Senyum yang Mengoyak Hati

Ilustrasi/kreator dokpri/Pixabay --
Jakarta, AktualNews- Hujan baru saja reda di sudut kota Bogor, menyisakan jalanan yang masih basah dan aroma tanah yang khas. Aku melangkah perlahan di trotoar, menyusuri deretan toko yang mulai menyalakan lampu-lampu mereka. Langit yang kelabu memantulkan cahaya jingga dari lampu jalan, menciptakan suasana yang sendu.
Di sinilah aku pertama kali bertemu dengan Sinta.
Aku tidak pernah percaya pada takdir, tetapi pertemuanku dengan Sinta mengubah segalanya. Hari itu, aku duduk sendirian di sebuah kafe kecil di sudut Jalan Pajajaran. Hujan deras membuatku terjebak di dalam, menyesap kopi hitam yang mulai dingin. Aku bukan seseorang yang menikmati keramaian, tetapi di tempat itulah aku melihatnya—Sinta, dengan senyum yang anehnya menimbulkan kekacauan di dalam hatiku.
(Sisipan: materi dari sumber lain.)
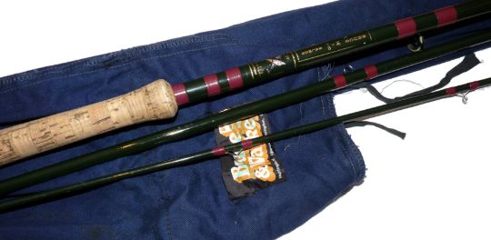 ROD: Bruce & Walker "Bruce Salmon" 14' 3 piece carbon salmon fly rod, line rate 8/10, plum whipped snake guides, 24" shaped cork handle, light alloy reel rings, generally good used condition, in MOB.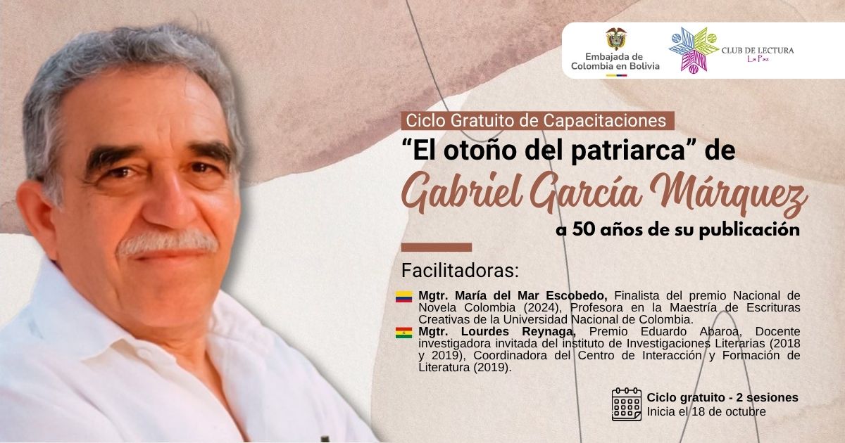 En 2025 se cumplen 50 años de la publicación de El otoño del patriarca de Gabriel García Márquez, una de las novelas más poderosas y complejas de la literatura en español. Para conmemorar este aniversario, nuestro Club de Lectura La Paz con el apoyo de la Embajada de Colombia en Bolivia, te invita a un ciclo gratuito capacitaciones...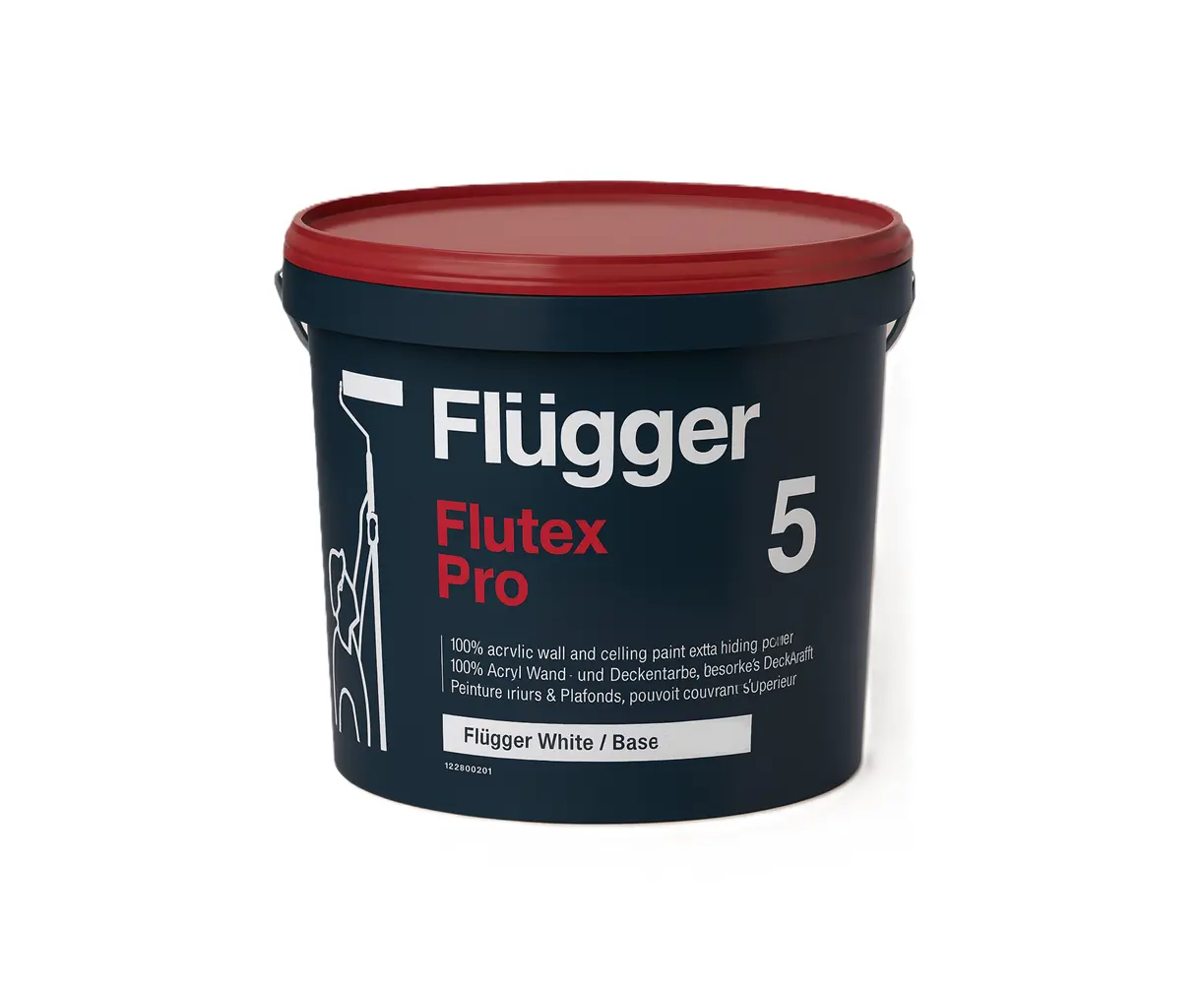 Flügger Flutex 5 is a high-quality acrylic paint for interiors, which can also be used on exterior mineral surfaces (gypsum, cement, lime plaster, etc.). The paint creates a smooth, uniform coating with high hiding power and outstanding resistance to moisture. The product is distinguished by its high resistance to wet cleaning, which allows the surface to be cleaned frequently without losing color. It can be tinted in any color.

Dia duduk di meja dekat jendela, memandangi gerimis di luar dengan tatapan kosong. Ada kesedihan di sana, meskipun bibirnya tetap melengkung dalam senyum yang terlihat damai. Aku tidak tahu apa yang membuatku begitu tertarik kepadanya. Mungkin caranya menatap hujan, atau mungkin cara matanya berbicara tanpa suara.
Aku memberanikan diri untuk mendekat.
BACA JUGA:Kenangan Cinta dalam Secangkir Kopi
“Kamu suka hujan?” tanyaku, berusaha terdengar biasa saja.
Sinta menoleh, menatapku dengan mata hitamnya yang dalam. “Hujan itu seperti kenangan,” jawabnya pelan. “Kadang datang tanpa diundang, tapi selalu meninggalkan jejak.”
Aku terdiam, mencerna kata-katanya. Ada sesuatu dalam suara Sinta yang membuatku ingin tahu lebih banyak. Sejak saat itu, entah bagaimana, kami mulai sering bertemu.
Hari-hari Bersama Sinta
Kami berjalan bersama di Kebun Raya Bogor, berbicara tentang banyak hal, dari impian hingga ketakutan. Aku mendengarkan cerita-ceritanya, tentang keluarganya, tentang masa lalunya yang penuh luka. Aku ingin melindunginya dari semua kesedihan itu, meskipun aku tahu aku tak pernah bisa.
“Aku lelah dengan semuanya,” katanya suatu hari saat kami duduk di bawah pohon besar di Kebun Raya. Angin sepoi-sepoi menerbangkan helaian rambutnya yang panjang. “Terkadang aku ingin pergi ke tempat di mana tidak ada yang mengenalku.”
Aku menatapnya lama. “Kalau begitu, kita bisa pergi bersama.”
Sinta tersenyum kecil, tapi aku bisa melihat duka di baliknya. “Kamu terlalu baik,” bisiknya.